*Task brief*
Once "A symmetrical pattern" turns up in a line below, reproduce that line and those after it exactly, stopping after the line with "1、操控角色向两侧撑开双腿,破坏中间建筑障碍,启动下落流程。"; leave pictures out.
──────── Excerpted data
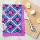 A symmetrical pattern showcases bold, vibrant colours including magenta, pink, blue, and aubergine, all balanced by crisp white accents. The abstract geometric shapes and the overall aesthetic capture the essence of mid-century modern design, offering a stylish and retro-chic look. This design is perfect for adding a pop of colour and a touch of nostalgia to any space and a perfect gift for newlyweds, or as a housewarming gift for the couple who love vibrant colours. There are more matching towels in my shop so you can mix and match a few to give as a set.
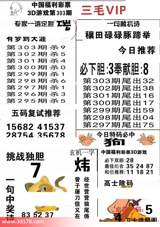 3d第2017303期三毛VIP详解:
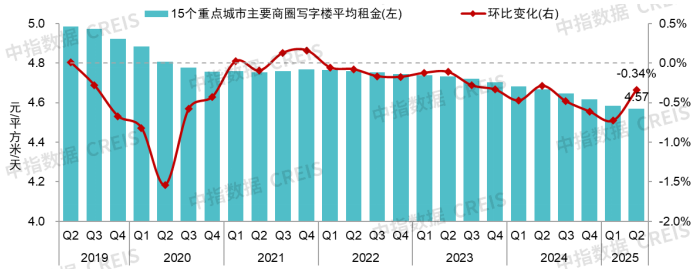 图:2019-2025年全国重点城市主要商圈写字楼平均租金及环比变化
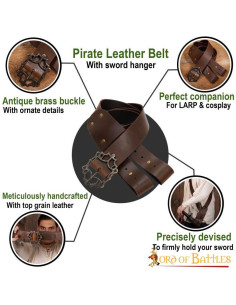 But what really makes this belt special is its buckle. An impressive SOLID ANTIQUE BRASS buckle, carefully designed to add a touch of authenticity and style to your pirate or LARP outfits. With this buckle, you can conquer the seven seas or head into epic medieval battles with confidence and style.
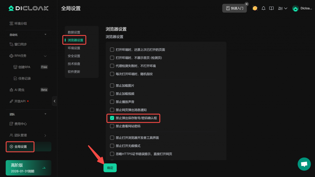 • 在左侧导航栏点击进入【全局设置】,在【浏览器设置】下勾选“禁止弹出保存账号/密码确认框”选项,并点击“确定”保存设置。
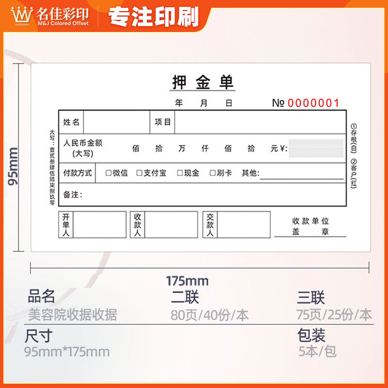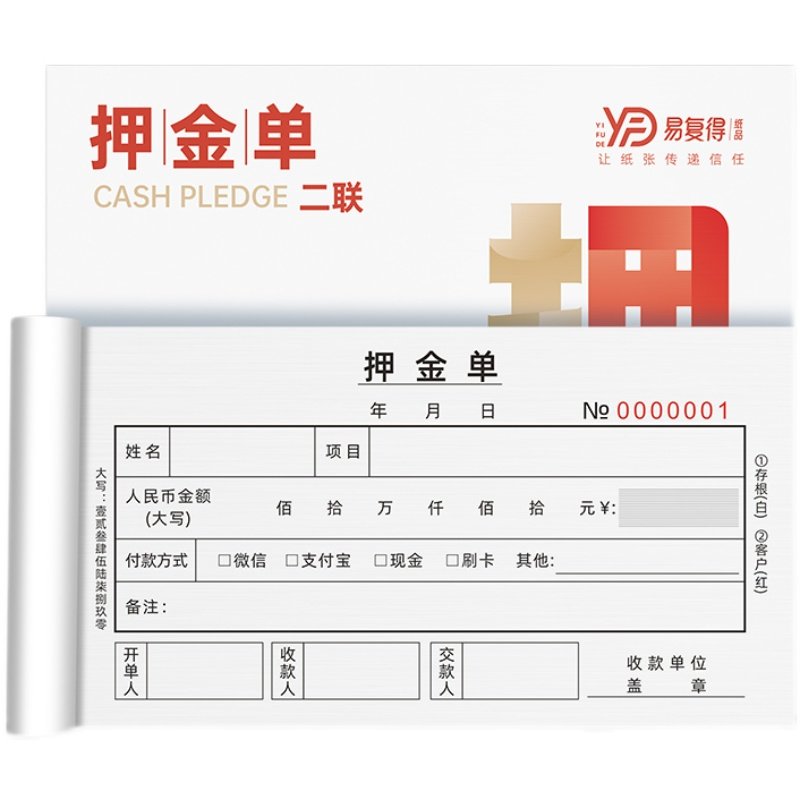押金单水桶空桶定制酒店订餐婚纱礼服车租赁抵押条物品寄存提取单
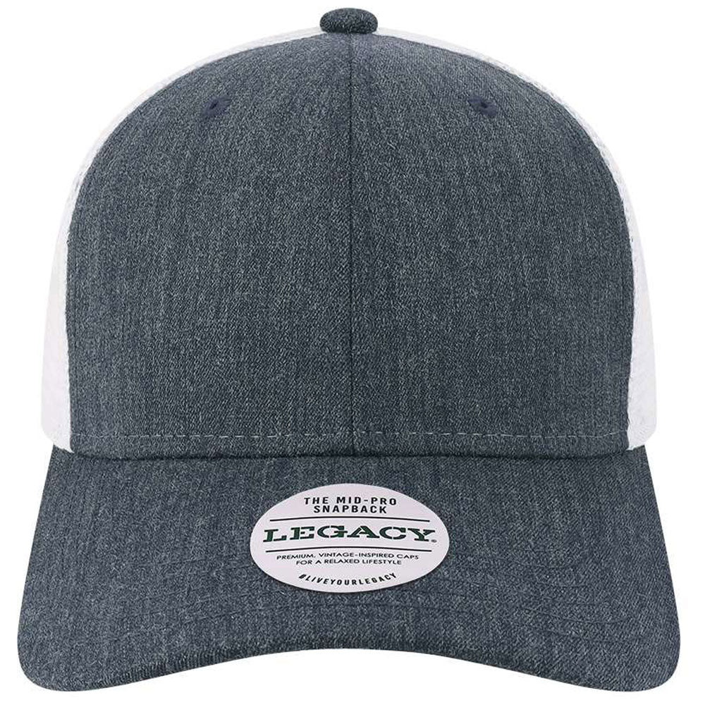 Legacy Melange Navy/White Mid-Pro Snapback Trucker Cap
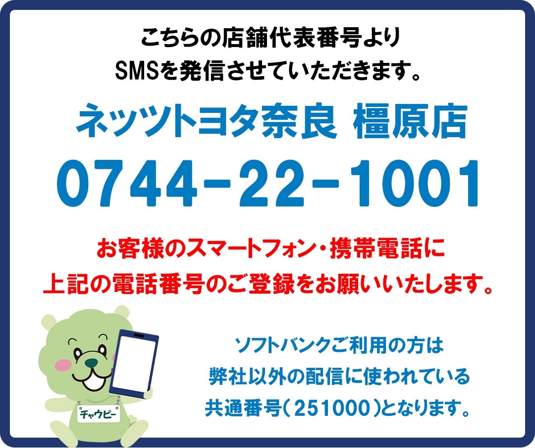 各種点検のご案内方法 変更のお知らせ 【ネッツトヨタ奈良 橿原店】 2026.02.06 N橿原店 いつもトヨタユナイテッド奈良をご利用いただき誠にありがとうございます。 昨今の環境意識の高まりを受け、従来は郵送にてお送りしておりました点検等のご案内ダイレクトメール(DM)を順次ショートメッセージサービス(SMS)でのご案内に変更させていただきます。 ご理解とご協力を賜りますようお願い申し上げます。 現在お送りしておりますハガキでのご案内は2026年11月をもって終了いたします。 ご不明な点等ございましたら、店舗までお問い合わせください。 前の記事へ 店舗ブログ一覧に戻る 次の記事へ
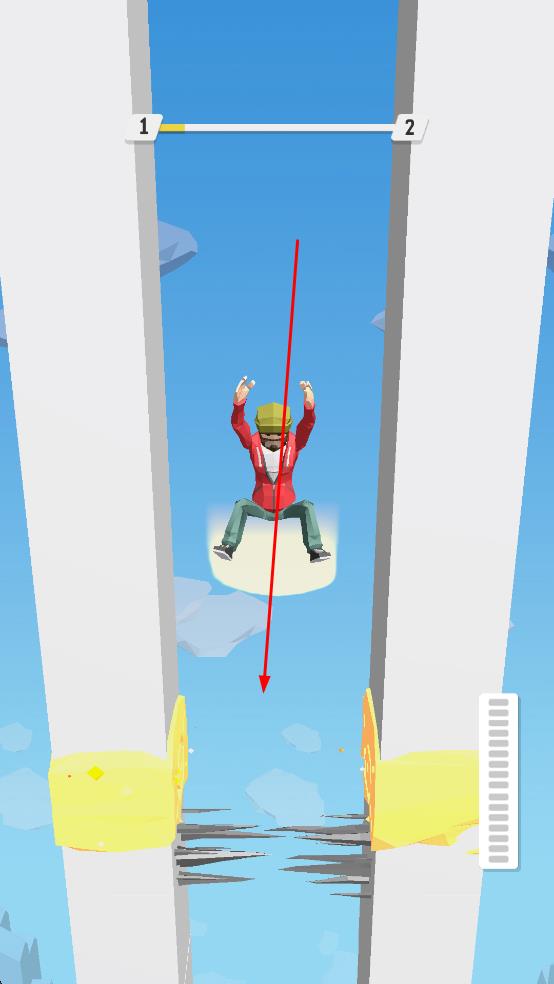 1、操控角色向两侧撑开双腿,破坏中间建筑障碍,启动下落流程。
────────────────
──────── Excerpted data
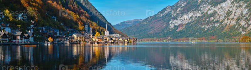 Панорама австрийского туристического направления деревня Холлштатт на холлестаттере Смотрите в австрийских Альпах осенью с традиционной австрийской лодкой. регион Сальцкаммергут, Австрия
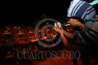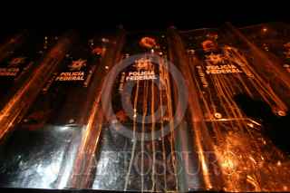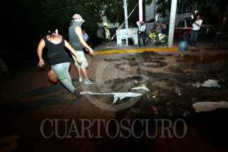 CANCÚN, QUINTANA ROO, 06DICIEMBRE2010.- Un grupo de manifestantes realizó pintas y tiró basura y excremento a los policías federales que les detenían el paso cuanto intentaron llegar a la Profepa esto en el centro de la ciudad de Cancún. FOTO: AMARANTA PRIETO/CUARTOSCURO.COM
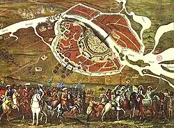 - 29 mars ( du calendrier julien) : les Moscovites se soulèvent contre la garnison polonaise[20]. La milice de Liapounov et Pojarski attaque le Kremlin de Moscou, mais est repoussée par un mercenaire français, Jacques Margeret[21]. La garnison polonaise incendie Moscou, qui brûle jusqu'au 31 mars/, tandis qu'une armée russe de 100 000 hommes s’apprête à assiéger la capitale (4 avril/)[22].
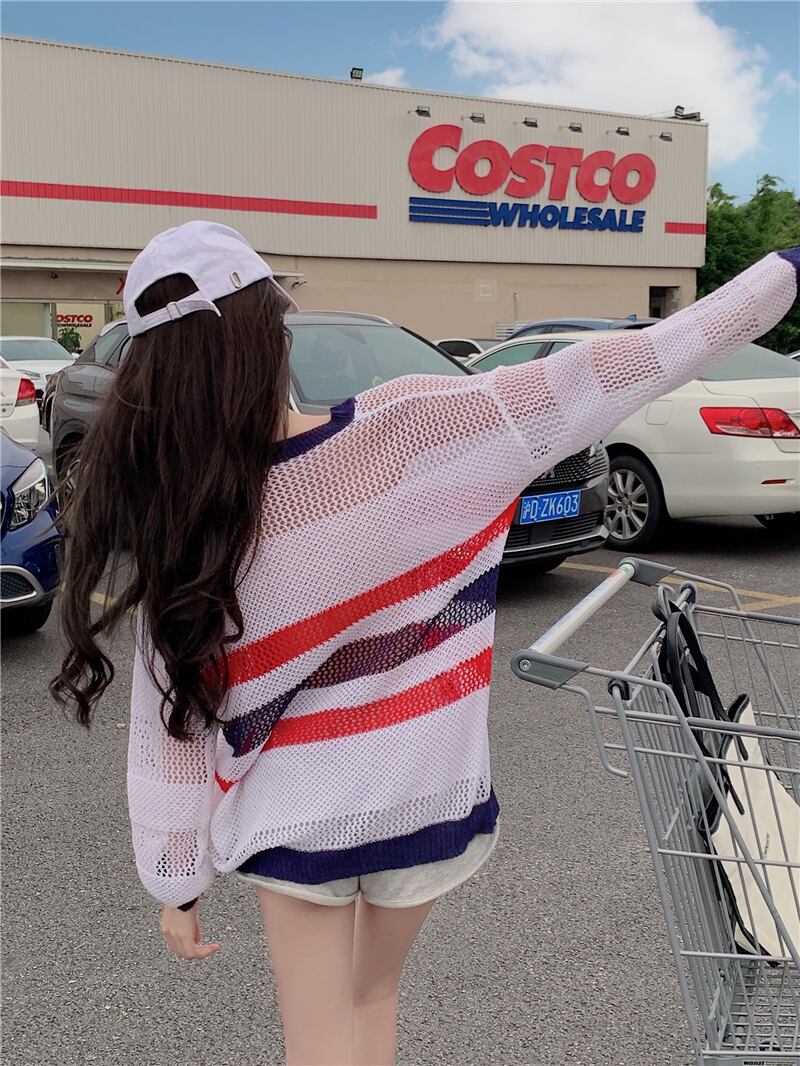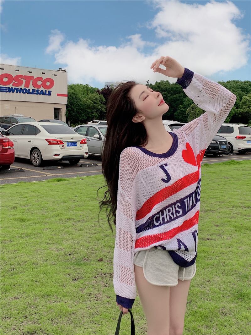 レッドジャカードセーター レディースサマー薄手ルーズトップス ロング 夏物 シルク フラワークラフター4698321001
────────────────
*Your response*
 A symmetrical pattern showcases bold, vibrant colours including magenta, pink, blue, and aubergine, all balanced by crisp white accents. The abstract geometric shapes and the overall aesthetic capture the essence of mid-century modern design, offering a stylish and retro-chic look. This design is perfect for adding a pop of colour and a touch of nostalgia to any space and a perfect gift for newlyweds, or as a housewarming gift for the couple who love vibrant colours. There are more matching towels in my shop so you can mix and match a few to give as a set.
 3d第2017303期三毛VIP详解:
 图:2019-2025年全国重点城市主要商圈写字楼平均租金及环比变化
 But what really makes this belt special is its buckle. An impressive SOLID ANTIQUE BRASS buckle, carefully designed to add a touch of authenticity and style to your pirate or LARP outfits. With this buckle, you can conquer the seven seas or head into epic medieval battles with confidence and style.
 • 在左侧导航栏点击进入【全局设置】,在【浏览器设置】下勾选“禁止弹出保存账号/密码确认框”选项,并点击“确定”保存设置。
押金单水桶空桶定制酒店订餐婚纱礼服车租赁抵押条物品寄存提取单
 Legacy Melange Navy/White Mid-Pro Snapback Trucker Cap
 各種点検のご案内方法 変更のお知らせ 【ネッツトヨタ奈良 橿原店】 2026.02.06 N橿原店 いつもトヨタユナイテッド奈良をご利用いただき誠にありがとうございます。 昨今の環境意識の高まりを受け、従来は郵送にてお送りしておりました点検等のご案内ダイレクトメール(DM)を順次ショートメッセージサービス(SMS)でのご案内に変更させていただきます。 ご理解とご協力を賜りますようお願い申し上げます。 現在お送りしておりますハガキでのご案内は2026年11月をもって終了いたします。 ご不明な点等ございましたら、店舗までお問い合わせください。 前の記事へ 店舗ブログ一覧に戻る 次の記事へ
 1、操控角色向两侧撑开双腿,破坏中间建筑障碍,启动下落流程。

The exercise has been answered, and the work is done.